**Required action**
The expected result is the full listing, retyped exactly, without a single picture.

**Records for the exercise**
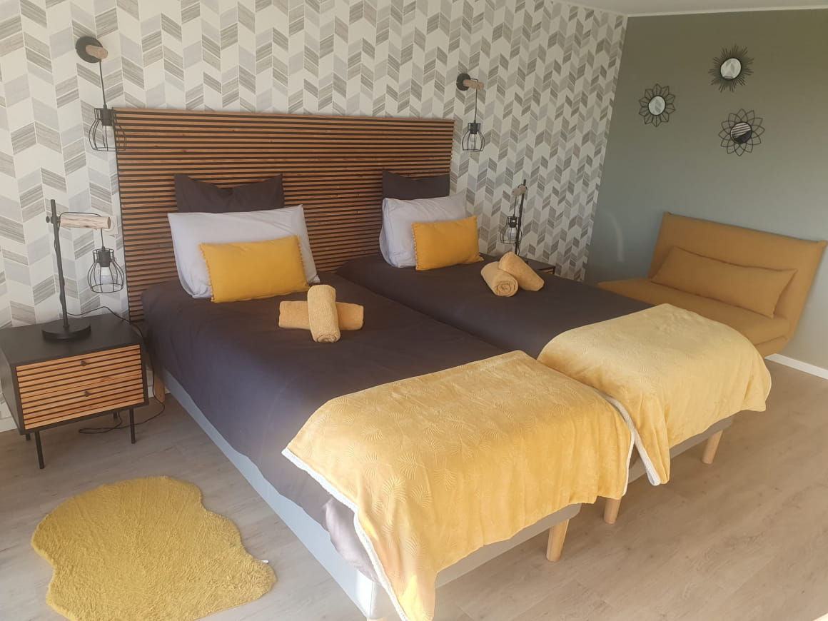 Totalement rénové en 2021, le gîte peut accueillir jusqu’à 6 personnes dans un espace de 90 m² parfaitement aménagé. 2 chambres au rez-de-chaussée, chacune équipée de lits simples et d’un fauteuil convertible, disposent de leur salle d’eau et WC privatifs. À l’étage, une vaste pièce à vivre lumineuse réunit cuisine équipée, salon et salle à manger, avec un accès direct à une terrasse aménagée.
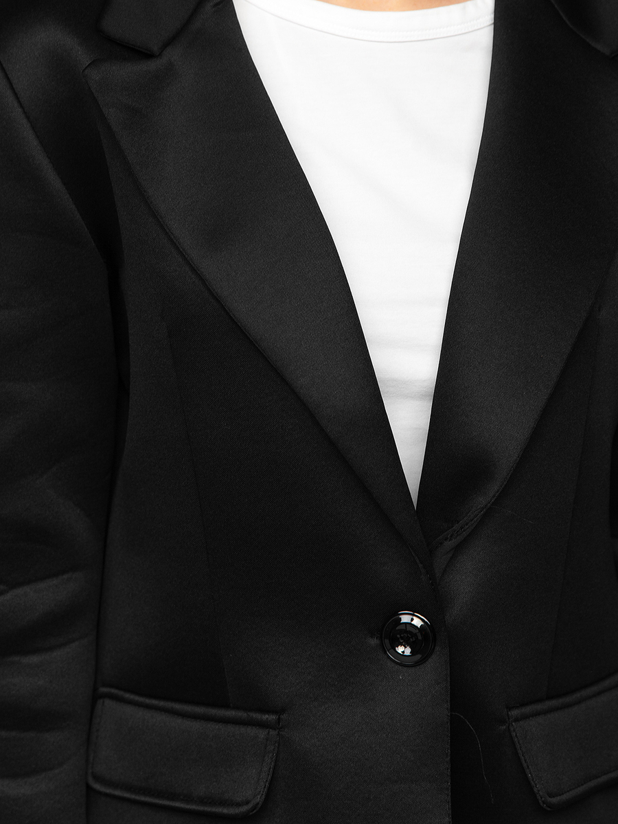 Black women's short coat 20672 from the Bolf collection - perfect on cold days. A short, buttoned coat will add style to any styling. A fashionable look is given by the imitation of side pockets covered with a flap and a reverse collar. It is a unique coat with a simple cut, with a semi-elegant character. The product consists of the highest quality materials, which makes it flexible and comfortable. The timeless cut means that the coat can serve you for many seasons. It is suitable both for everyday wear and for more formal occasions. It will look stunning in combination with a dress!
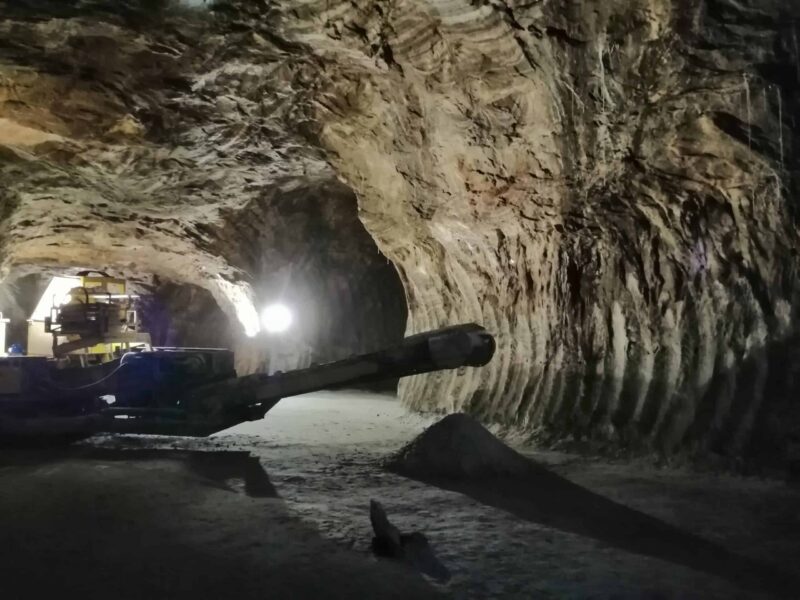 The main gallery of the mine, which defines its boundaries between east and west, is 4 km long. This is the length where there is salt. From there, they found gypsum.
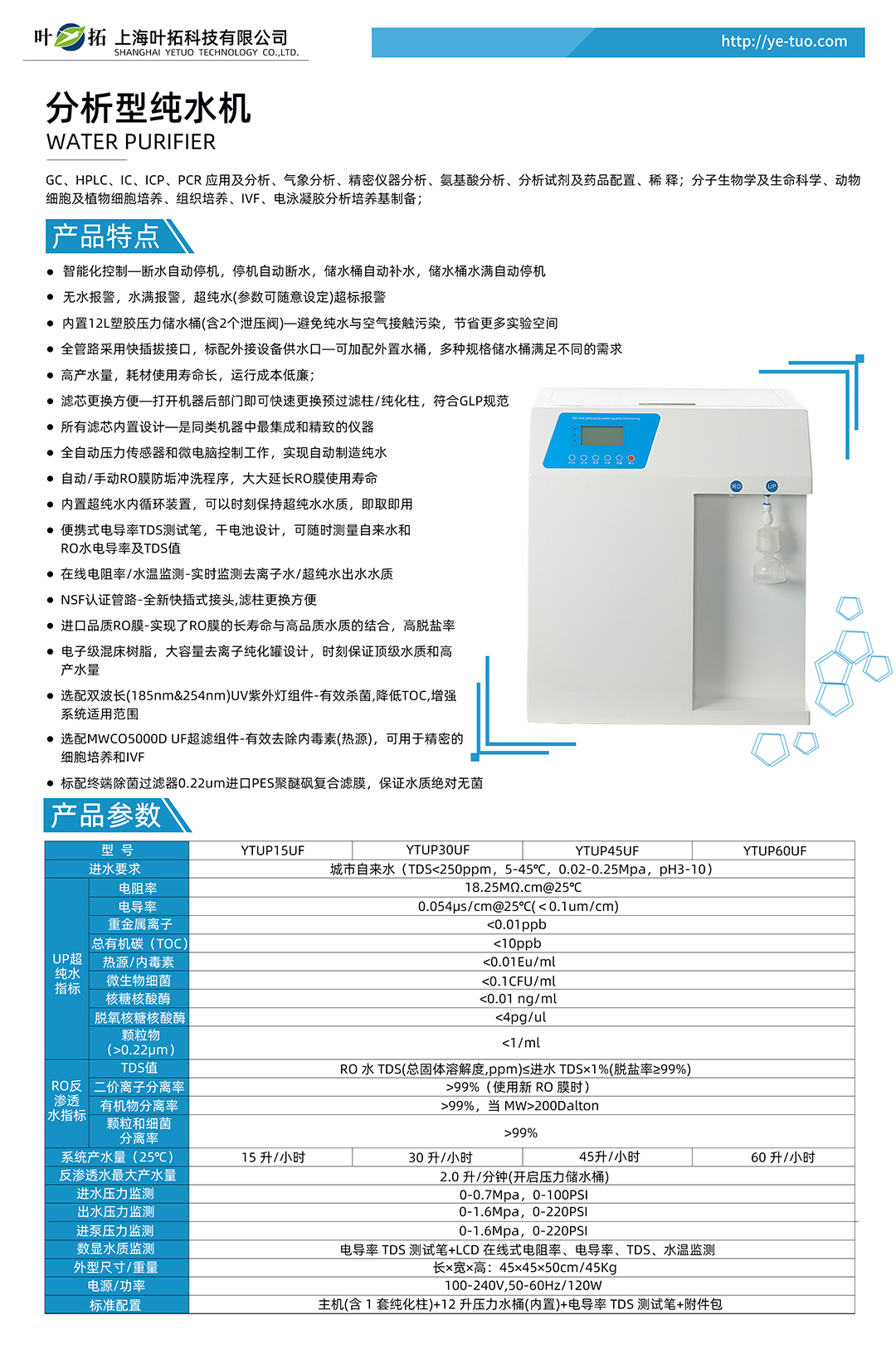 上海葉拓 YTUP45SUF 分析型純水機
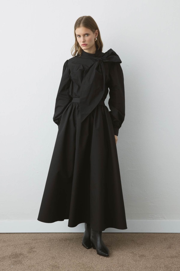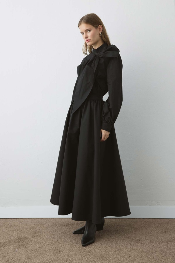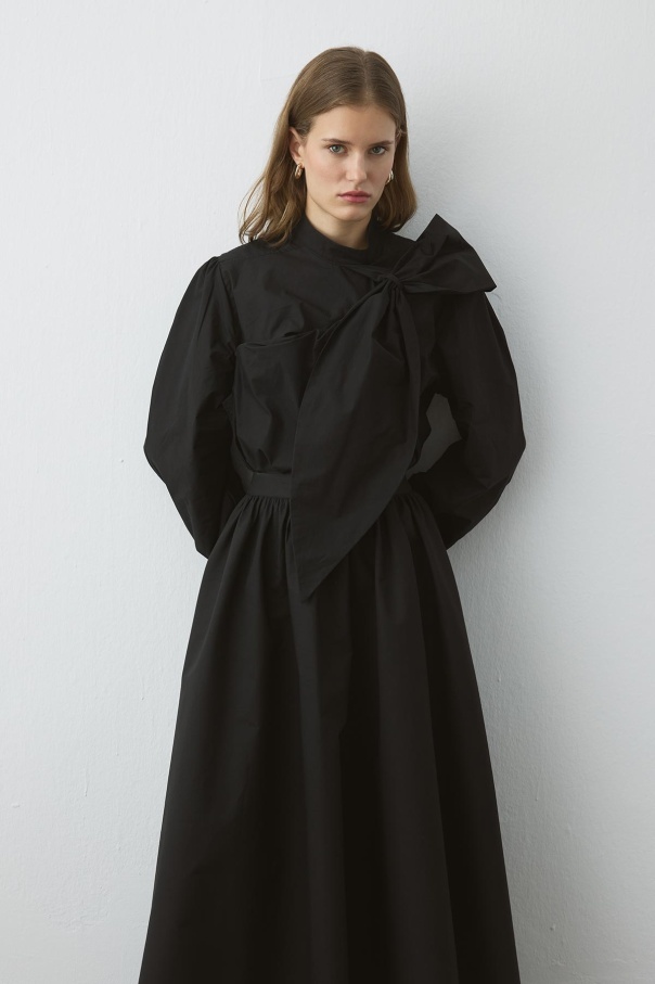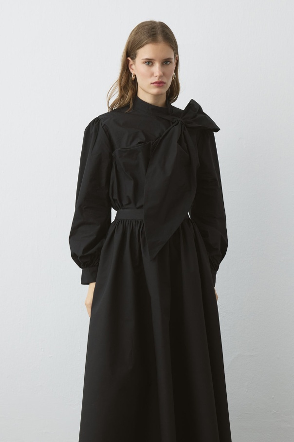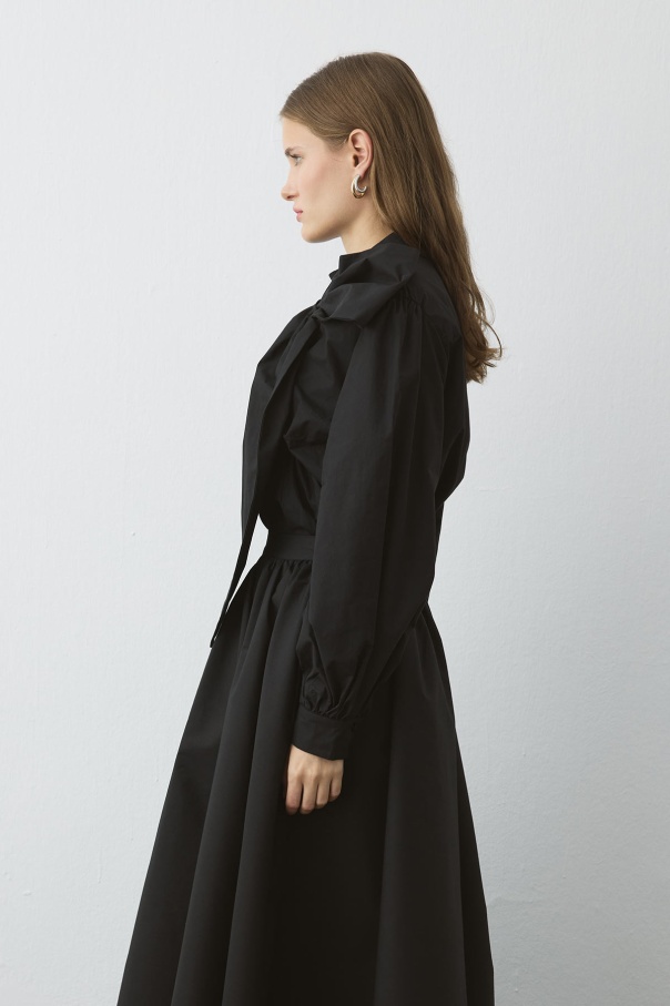 Premium Fiyonk Detaylı Poplin Siyah Gömlek

**Result below**
 Totalement rénové en 2021, le gîte peut accueillir jusqu’à 6 personnes dans un espace de 90 m² parfaitement aménagé. 2 chambres au rez-de-chaussée, chacune équipée de lits simples et d’un fauteuil convertible, disposent de leur salle d’eau et WC privatifs. À l’étage, une vaste pièce à vivre lumineuse réunit cuisine équipée, salon et salle à manger, avec un accès direct à une terrasse aménagée.
 Black women's short coat 20672 from the Bolf collection - perfect on cold days. A short, buttoned coat will add style to any styling. A fashionable look is given by the imitation of side pockets covered with a flap and a reverse collar. It is a unique coat with a simple cut, with a semi-elegant character. The product consists of the highest quality materials, which makes it flexible and comfortable. The timeless cut means that the coat can serve you for many seasons. It is suitable both for everyday wear and for more formal occasions. It will look stunning in combination with a dress!
 The main gallery of the mine, which defines its boundaries between east and west, is 4 km long. This is the length where there is salt. From there, they found gypsum.
 上海葉拓 YTUP45SUF 分析型純水機
 Premium Fiyonk Detaylı Poplin Siyah Gömlek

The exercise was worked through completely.